RDSF Evolution

As we look at the future archive data storage requirements for researchers at the University we see a need to support new projects with very large allocations (100s of TBytes per project) and demand for more space from many projects.

To meet this need we are working on introducing some new technologies into the RDSF. Some of these have different operational characteristics which will be noticed by the users and some may require changes in the way you use the RDSF if you want to take advantage of the new features.

There are two main new features we are currently working on:

1) Compression. The space occupied by some files can be significantly reduced by data compression. Tests on some datasets have produced a 30% reduction in the space occupied. The compression and decompression are lossless and are done on the fly, so there’s no significant delay in accessing the data or the bandwidth of data transfer. Selected parts of the RDSF are now compressed automatically and this enables us to make better use of our existing disk space.

2) Tape. The cost of tape per TByte is much lower than that of disk. The future major expansion of the RDSF capacity will be in the form of a tape storage tier. This will give us much larger capacity and flexibility to further expand very easily by purchasing more tapes. However the access characteristics of tape are very different to those of disk and this affects how you can use the space. Tape has a much greater latency of access than disk. To access a disk file takes milliseconds, to access a tape file can take minutes. This is a big difference, often 100,000 times longer for tape. Tape does have very good bandwidth though and once a tape file has been accessed the data can move as fast as disk. Also, most applications cannot access tape files directly, so when a user opens a file on tape, the system automatically copies it back to disk so that it can be accessed. This process takes minutes to complete.
The outcome of this latency from the user point of view is that tape cannot be used for small files. The latency dominates the access time for small files and for example it could take hours to access a hundred small files. If you have large files the latency is comparable to the time it takes to read the file contents and thus is relatively insignificant. In practise we will set a threshold of 1 GByte as the minimum size of file that can be resident on tape. Files smaller than this will remain always on disk.

What you need to do

1) For compression you need do nothing, you may notice that your files take up less space than they used to. You can take advantage of the extra space in your quota to store more.

2) For tape. If your files are large ( > 1 GByte in size) you need do nothing.

If your files are smaller than 1GByte you will need to consider how you organise that data if you want to take advantage of tape.

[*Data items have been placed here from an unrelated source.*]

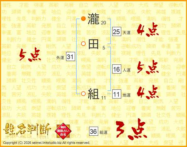 瀧田組さんの天運は25画の4点!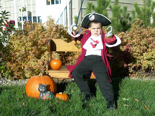 Yep, we were all characters from Disney's Peter Pan. Dustin has been gone for a week TDY to Spokane. (Which is why I wasn't able to post all last week- he had the computer.) He came home to find his costume laid out for him and he was a great sport to wear it. I made him a name tag with Smee's character on it so that he wouldn't have to explain himself. I made one for me, too. I think we were a hit as we received lots of compliments at last night's Ward Halloween party. We planned and carried out a carnival with 14 games that the kids could play. Judging by the buzz at church today, the party was a tremendous hit! Whoo-Hoo, am I glad it's over! Now we just have to start thinking about the Christmas party!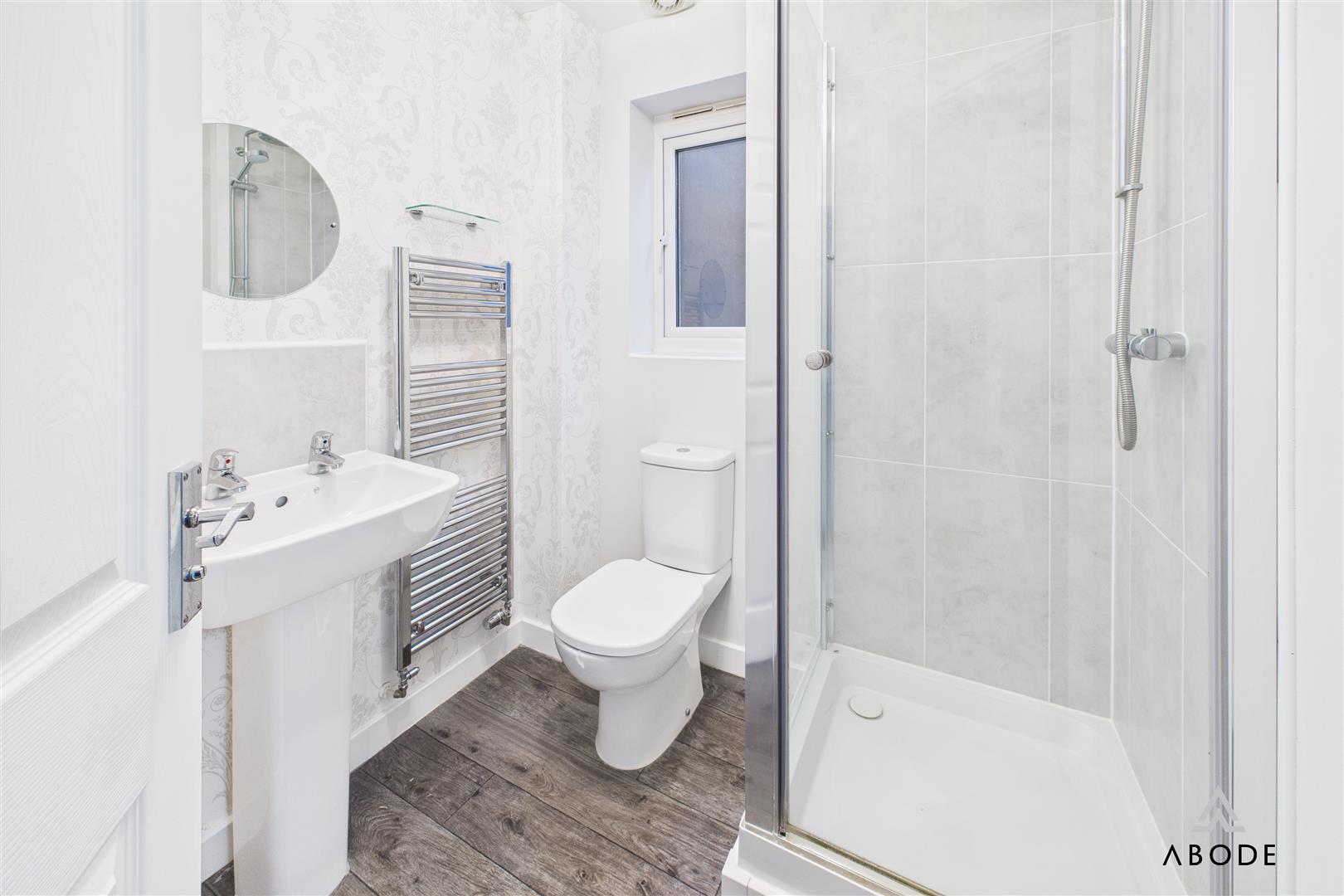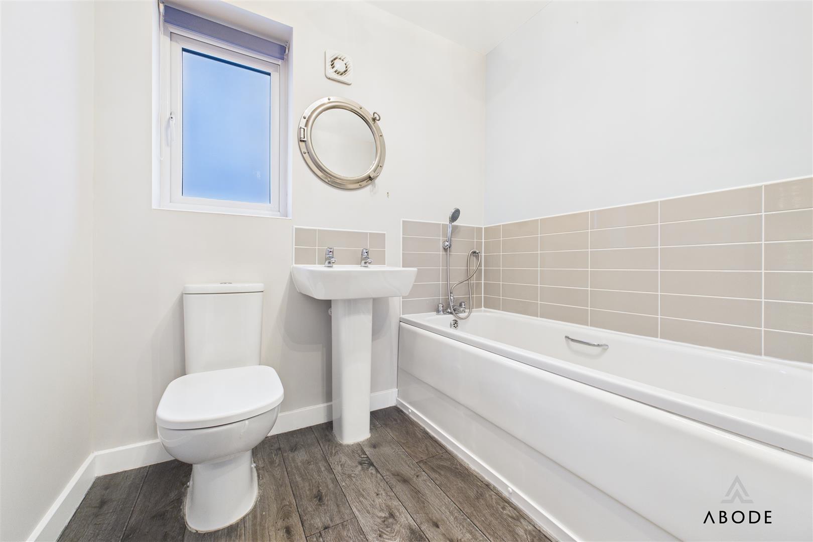 The main bathroom presents a modern three-piece suite with contemporary tiling and a window to the rear.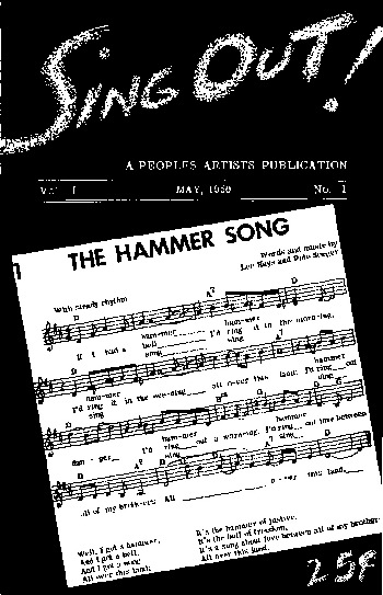 Cover of Sing Out Magazine featuring Pete Seeger’s The Hammer Song, Volume 1, Number 1, May 1950 |
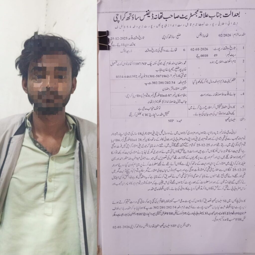 تفصیلات کے مطابق، ڈیفنس پولیس کے تھانے کی حدود میں واقع قیوم آباد کے ایک رہائشی یونٹ میں عشنا اور اس کے شوہر قیوم محبوب رہائش پذیر تھے۔ ابتدائی معلومات سے معلوم ہوتا ہے کہ گھریلو اختلافات نے 25 دسمبر 2025 کو ایک المناک موڑ اختیار کیا، جب معمولی سے جھگڑے نے ایک سنگین تصادم کی شکل اختیار کر لی۔ پولیس کے مطابق، قیوم نے غصے میں اپنی اہلیہ عشنا کو قتل کر دیا۔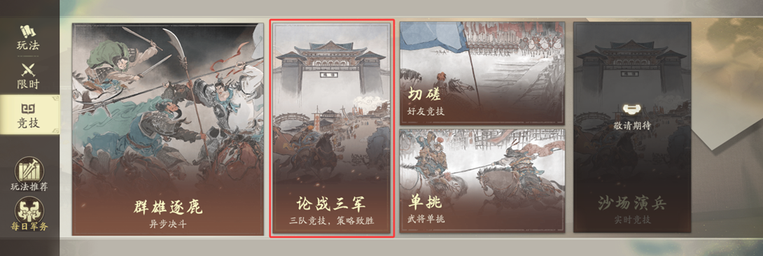 论战三军是本次版本新增的一大PVP玩法,可以从【竞技】标签点选进入,同样属于赛季制常驻玩法。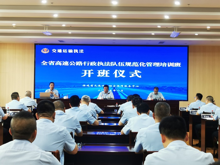 为深入学习贯彻习近平法治思想,提增全省高速公路行政执法质量效能,促进严格规范公正文明执法,加快交通运输法治政府部门建设,8月3日至5日,全省高速公路行政执法队伍规范化管理培训班在泉州举办,各高速公路行政执法支队主要负责人、业务科室负责人及大队负责人等参加培训。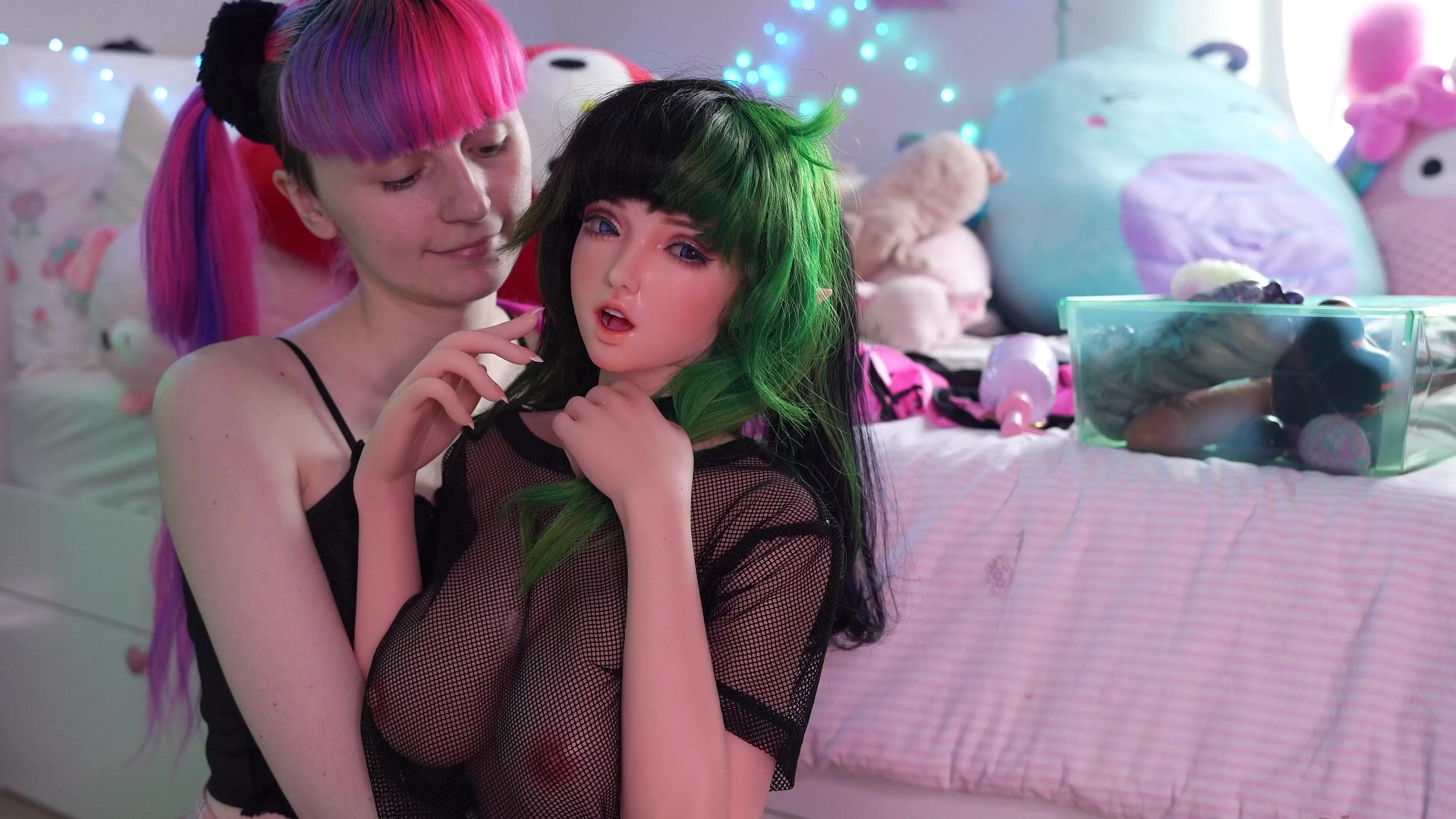 Tweetney aims to break in her sex doll's mouth with her fingers and strap-on. To even increase the enjoyment, she stuffed both her holes with large dildos using the strap-on to keep them deep inside her.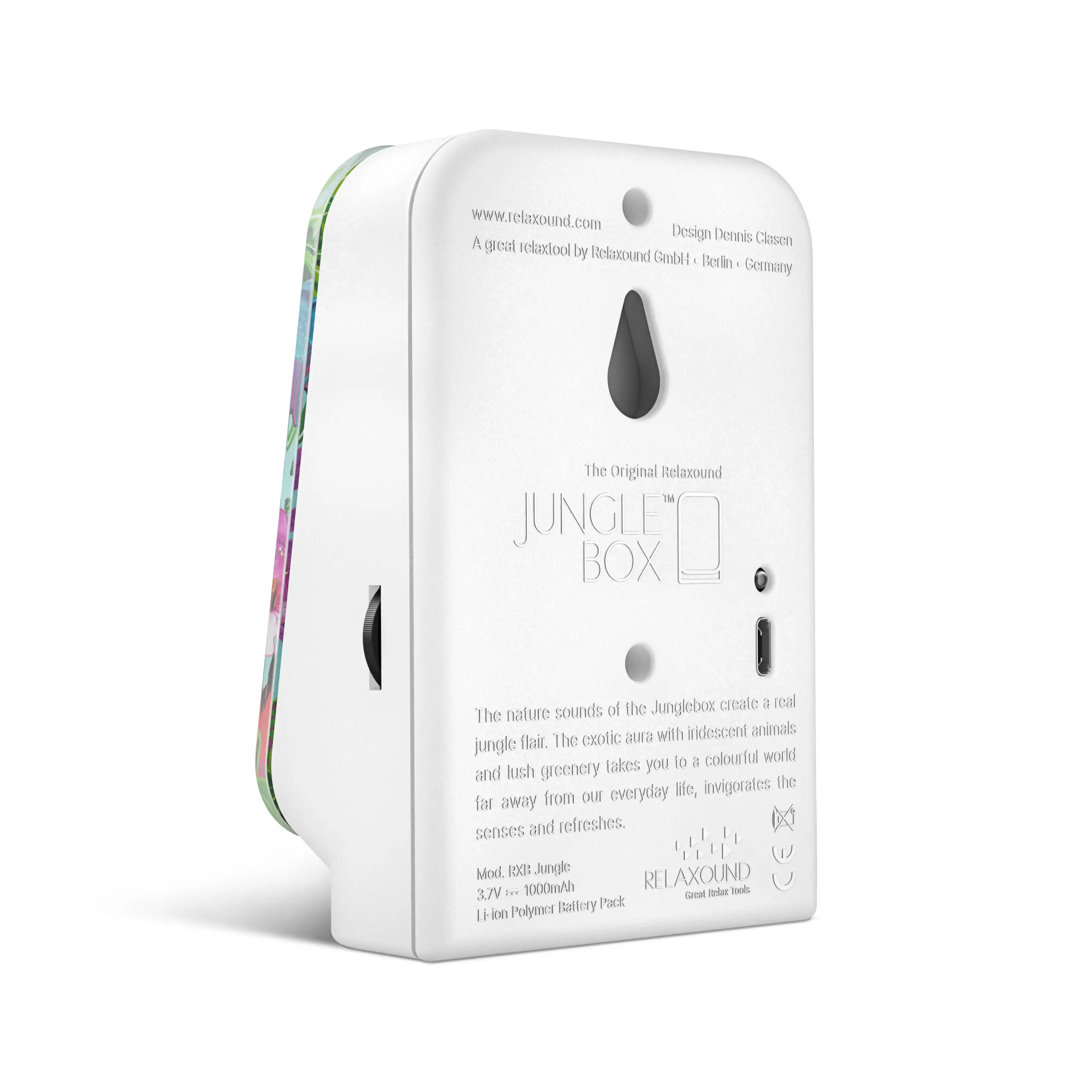 The nature sounds of the Jungle Box Tropic Forest take you to the tropical rainforest. A tropical paradise full of energy. You can place the Junglebox Tropic anywhere or hang it on the wall, at home, in the office, in the kitchen, in the toilet or in the bathroom.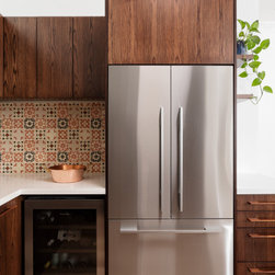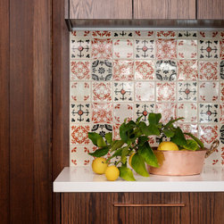 Jane and Ken had recently visited Morocco, and were taken with the tile designs they had seen. So for the benches and splashback, I selected elaborate handmade tiles to form a mosaic-like feature. This was accented by dark American oak joinery and white Caesar stone benches. Finally, I hung copper feature pendant lights above the island, completing the Moroccan feel.

You’ll need to collect the small files together and store them in larger chunks or blobs. It will be wise to be thoughtful about this and to group files together which are going to be used together. Here are some examples to help illustrate this:

a) Where files are organised with many small files stored in a directory tree (e.g) where samples from an experiment organised into different directories for each day or week. These directories can be stored into a tarball, using the tar utility, or on Windows in a zip file. Each directory, or even a collection of directories and its files could be replaced by an equivalent tar file. The resulting tar files would be larger than 1 GByte and could reside on tape. When you access the tar file from tape, there is only on latency period, after which you have immediate access to all the contents.

b) Consider using different file formats. For example if you are working on digital images from a movie and each frame is a separate file, then changing from a single frame per file format to a movie file format, where many frames are stored in one file. This is not only more space efficient and may enable the use of tape, its also more efficient in terms of the computational overhead when processing the data – a single large file is much more efficient than thousands of tiny ones.

c) In general, the better organised you data holding is, the more likely you will be able to take advantage of the tape storage. For any project, when you archive your results and data to the RDSF , collect the data into a single file, using tar or gzip or another appropriate utility, and store the resulting package as a single piece on the RDSF.